Without including any picture, write out the entries exactly as they stand.

--- Data Enclosed Below ---

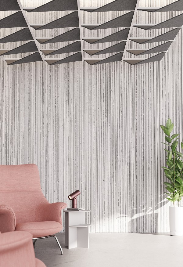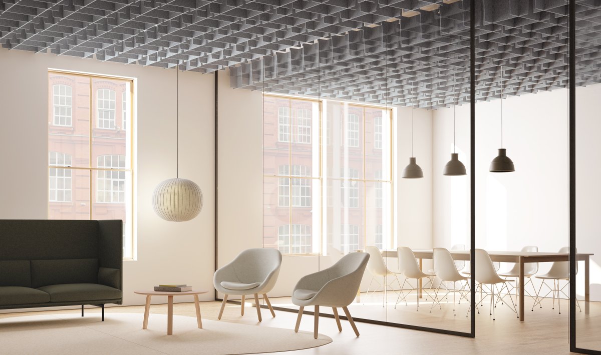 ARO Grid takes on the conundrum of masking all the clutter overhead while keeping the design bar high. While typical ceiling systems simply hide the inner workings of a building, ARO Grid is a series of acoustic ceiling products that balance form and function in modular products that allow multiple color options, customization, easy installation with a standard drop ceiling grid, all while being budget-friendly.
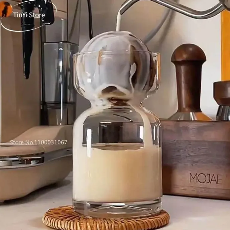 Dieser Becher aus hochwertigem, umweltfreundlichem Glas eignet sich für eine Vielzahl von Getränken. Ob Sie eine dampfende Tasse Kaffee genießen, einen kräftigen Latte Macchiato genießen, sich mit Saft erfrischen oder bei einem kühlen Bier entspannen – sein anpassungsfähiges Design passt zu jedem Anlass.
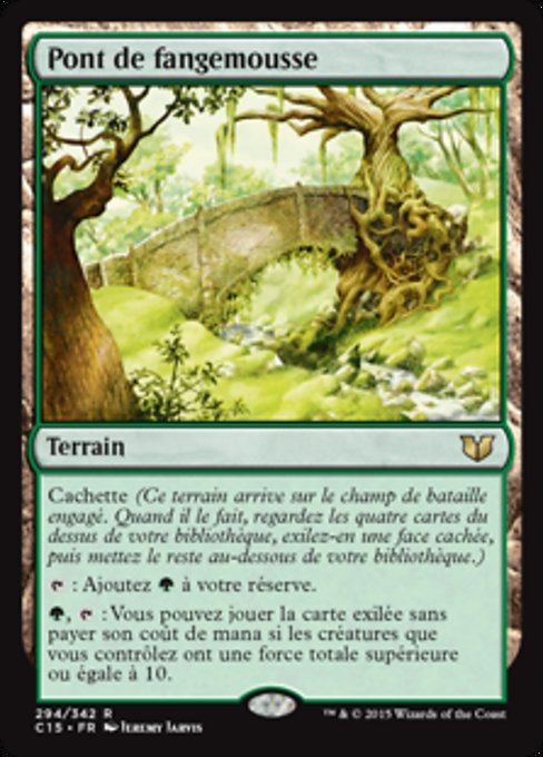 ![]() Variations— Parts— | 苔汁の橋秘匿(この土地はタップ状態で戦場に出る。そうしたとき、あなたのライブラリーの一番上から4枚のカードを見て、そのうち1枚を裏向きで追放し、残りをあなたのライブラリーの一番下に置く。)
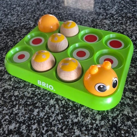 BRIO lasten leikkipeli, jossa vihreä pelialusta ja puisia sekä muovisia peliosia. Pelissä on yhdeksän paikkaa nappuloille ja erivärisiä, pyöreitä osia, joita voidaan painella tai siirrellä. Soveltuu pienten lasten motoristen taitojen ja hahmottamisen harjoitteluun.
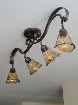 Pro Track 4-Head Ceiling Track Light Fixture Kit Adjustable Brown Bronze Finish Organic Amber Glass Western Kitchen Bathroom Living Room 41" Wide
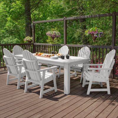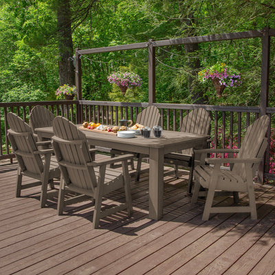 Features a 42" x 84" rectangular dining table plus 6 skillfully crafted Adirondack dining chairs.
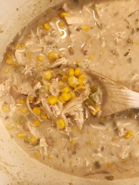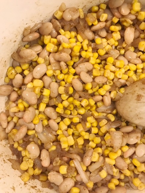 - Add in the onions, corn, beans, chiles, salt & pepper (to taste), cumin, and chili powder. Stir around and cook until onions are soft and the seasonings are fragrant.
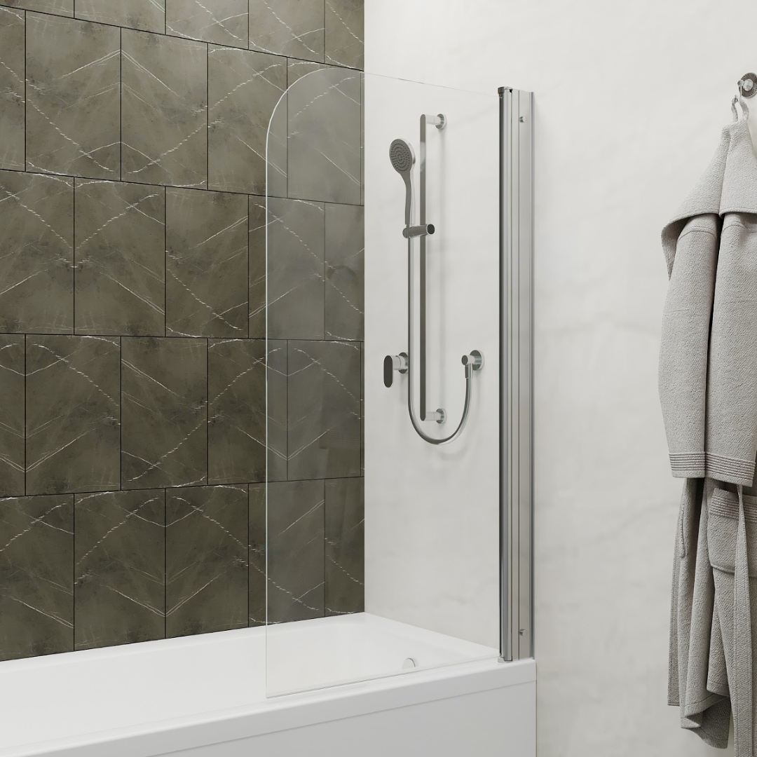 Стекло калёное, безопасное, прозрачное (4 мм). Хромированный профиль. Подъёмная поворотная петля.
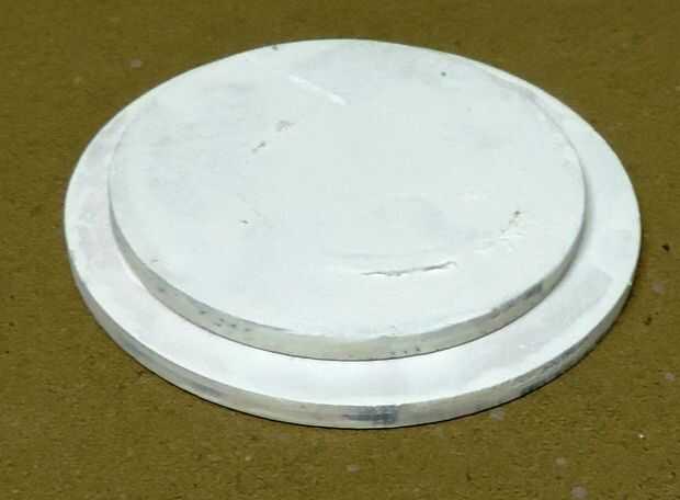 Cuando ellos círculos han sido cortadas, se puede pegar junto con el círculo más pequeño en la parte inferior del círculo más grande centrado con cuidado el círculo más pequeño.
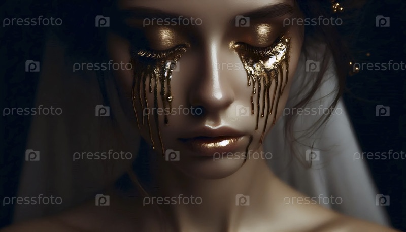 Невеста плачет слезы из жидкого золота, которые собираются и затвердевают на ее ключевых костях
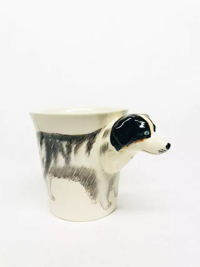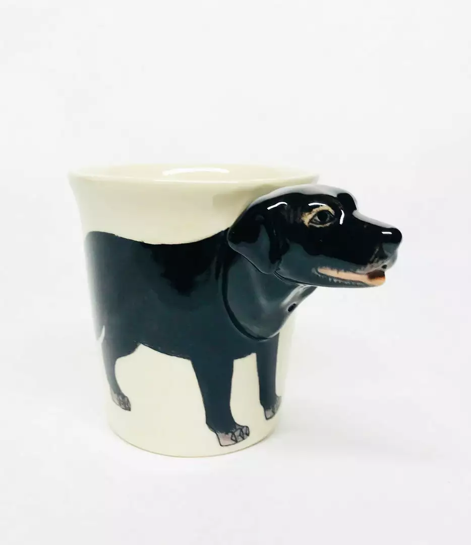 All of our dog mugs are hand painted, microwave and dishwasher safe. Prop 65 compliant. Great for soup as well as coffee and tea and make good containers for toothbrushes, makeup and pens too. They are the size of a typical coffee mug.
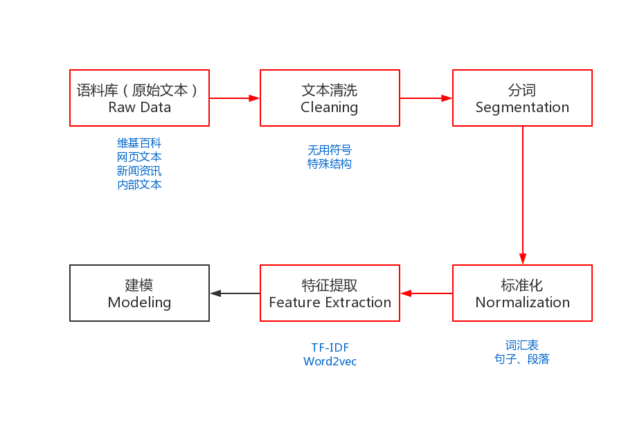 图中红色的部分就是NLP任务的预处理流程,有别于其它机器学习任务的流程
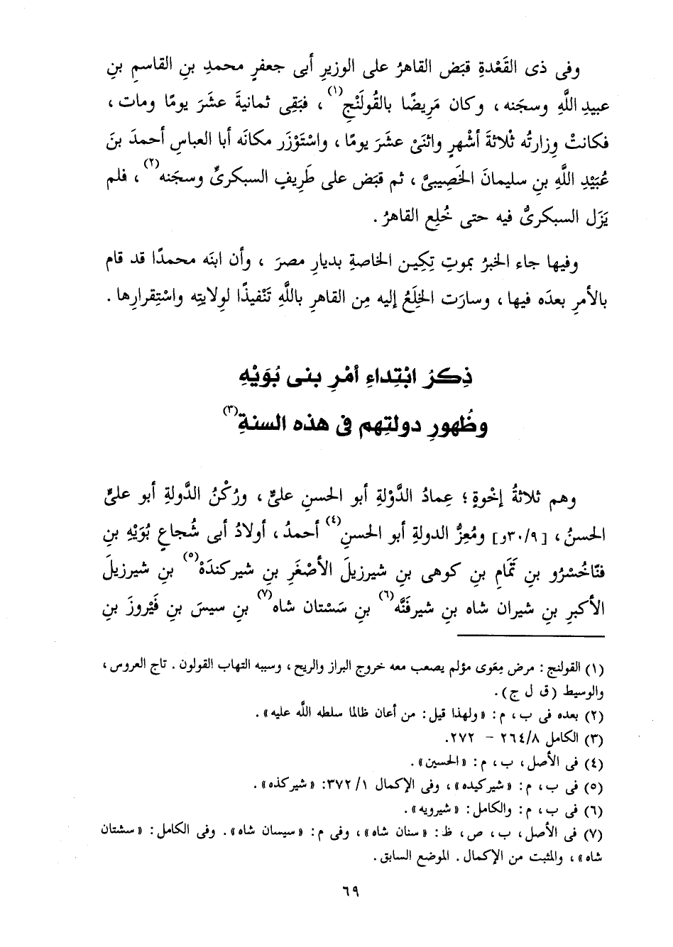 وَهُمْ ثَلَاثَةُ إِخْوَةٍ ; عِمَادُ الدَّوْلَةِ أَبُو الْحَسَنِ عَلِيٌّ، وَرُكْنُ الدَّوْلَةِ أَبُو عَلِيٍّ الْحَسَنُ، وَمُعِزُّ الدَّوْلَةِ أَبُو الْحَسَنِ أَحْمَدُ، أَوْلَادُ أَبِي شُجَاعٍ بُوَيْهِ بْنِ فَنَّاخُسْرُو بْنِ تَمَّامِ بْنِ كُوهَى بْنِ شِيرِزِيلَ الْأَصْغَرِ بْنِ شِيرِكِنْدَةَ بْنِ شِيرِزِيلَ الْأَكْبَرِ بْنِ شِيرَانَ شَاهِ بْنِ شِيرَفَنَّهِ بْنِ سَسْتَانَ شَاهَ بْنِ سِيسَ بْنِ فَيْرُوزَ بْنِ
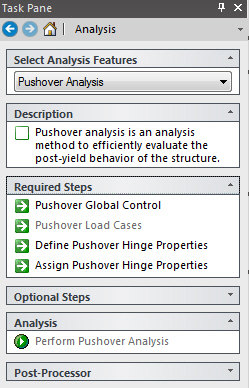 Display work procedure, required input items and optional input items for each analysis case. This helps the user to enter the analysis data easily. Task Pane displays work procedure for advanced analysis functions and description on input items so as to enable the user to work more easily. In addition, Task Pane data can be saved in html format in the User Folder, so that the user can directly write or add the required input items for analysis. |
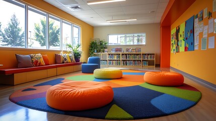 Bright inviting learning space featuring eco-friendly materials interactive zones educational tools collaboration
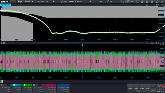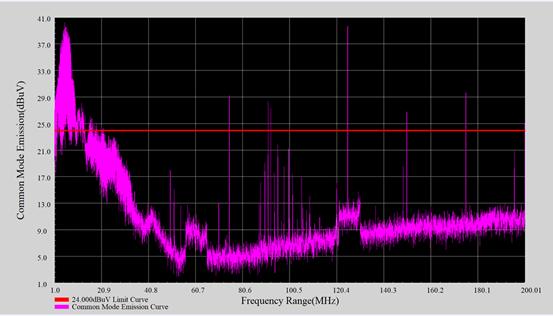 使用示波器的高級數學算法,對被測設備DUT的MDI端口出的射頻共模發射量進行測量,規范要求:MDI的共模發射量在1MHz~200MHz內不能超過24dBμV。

--- End of Enclosed Data ---

:: Answer box ::
 ARO Grid takes on the conundrum of masking all the clutter overhead while keeping the design bar high. While typical ceiling systems simply hide the inner workings of a building, ARO Grid is a series of acoustic ceiling products that balance form and function in modular products that allow multiple color options, customization, easy installation with a standard drop ceiling grid, all while being budget-friendly.
 Dieser Becher aus hochwertigem, umweltfreundlichem Glas eignet sich für eine Vielzahl von Getränken. Ob Sie eine dampfende Tasse Kaffee genießen, einen kräftigen Latte Macchiato genießen, sich mit Saft erfrischen oder bei einem kühlen Bier entspannen – sein anpassungsfähiges Design passt zu jedem Anlass.
 ![]() Variations— Parts— | 苔汁の橋秘匿(この土地はタップ状態で戦場に出る。そうしたとき、あなたのライブラリーの一番上から4枚のカードを見て、そのうち1枚を裏向きで追放し、残りをあなたのライブラリーの一番下に置く。)
 BRIO lasten leikkipeli, jossa vihreä pelialusta ja puisia sekä muovisia peliosia. Pelissä on yhdeksän paikkaa nappuloille ja erivärisiä, pyöreitä osia, joita voidaan painella tai siirrellä. Soveltuu pienten lasten motoristen taitojen ja hahmottamisen harjoitteluun.
 Pro Track 4-Head Ceiling Track Light Fixture Kit Adjustable Brown Bronze Finish Organic Amber Glass Western Kitchen Bathroom Living Room 41" Wide
 Features a 42" x 84" rectangular dining table plus 6 skillfully crafted Adirondack dining chairs.
 - Add in the onions, corn, beans, chiles, salt & pepper (to taste), cumin, and chili powder. Stir around and cook until onions are soft and the seasonings are fragrant.
 Стекло калёное, безопасное, прозрачное (4 мм). Хромированный профиль. Подъёмная поворотная петля.
 Cuando ellos círculos han sido cortadas, se puede pegar junto con el círculo más pequeño en la parte inferior del círculo más grande centrado con cuidado el círculo más pequeño.
 Невеста плачет слезы из жидкого золота, которые собираются и затвердевают на ее ключевых костях
 All of our dog mugs are hand painted, microwave and dishwasher safe. Prop 65 compliant. Great for soup as well as coffee and tea and make good containers for toothbrushes, makeup and pens too. They are the size of a typical coffee mug.
 图中红色的部分就是NLP任务的预处理流程,有别于其它机器学习任务的流程
 وَهُمْ ثَلَاثَةُ إِخْوَةٍ ; عِمَادُ الدَّوْلَةِ أَبُو الْحَسَنِ عَلِيٌّ، وَرُكْنُ الدَّوْلَةِ أَبُو عَلِيٍّ الْحَسَنُ، وَمُعِزُّ الدَّوْلَةِ أَبُو الْحَسَنِ أَحْمَدُ، أَوْلَادُ أَبِي شُجَاعٍ بُوَيْهِ بْنِ فَنَّاخُسْرُو بْنِ تَمَّامِ بْنِ كُوهَى بْنِ شِيرِزِيلَ الْأَصْغَرِ بْنِ شِيرِكِنْدَةَ بْنِ شِيرِزِيلَ الْأَكْبَرِ بْنِ شِيرَانَ شَاهِ بْنِ شِيرَفَنَّهِ بْنِ سَسْتَانَ شَاهَ بْنِ سِيسَ بْنِ فَيْرُوزَ بْنِ
 Display work procedure, required input items and optional input items for each analysis case. This helps the user to enter the analysis data easily. Task Pane displays work procedure for advanced analysis functions and description on input items so as to enable the user to work more easily. In addition, Task Pane data can be saved in html format in the User Folder, so that the user can directly write or add the required input items for analysis. |
 Bright inviting learning space featuring eco-friendly materials interactive zones educational tools collaboration
 使用示波器的高級數學算法,對被測設備DUT的MDI端口出的射頻共模發射量進行測量,規范要求:MDI的共模發射量在1MHz~200MHz內不能超過24dBμV。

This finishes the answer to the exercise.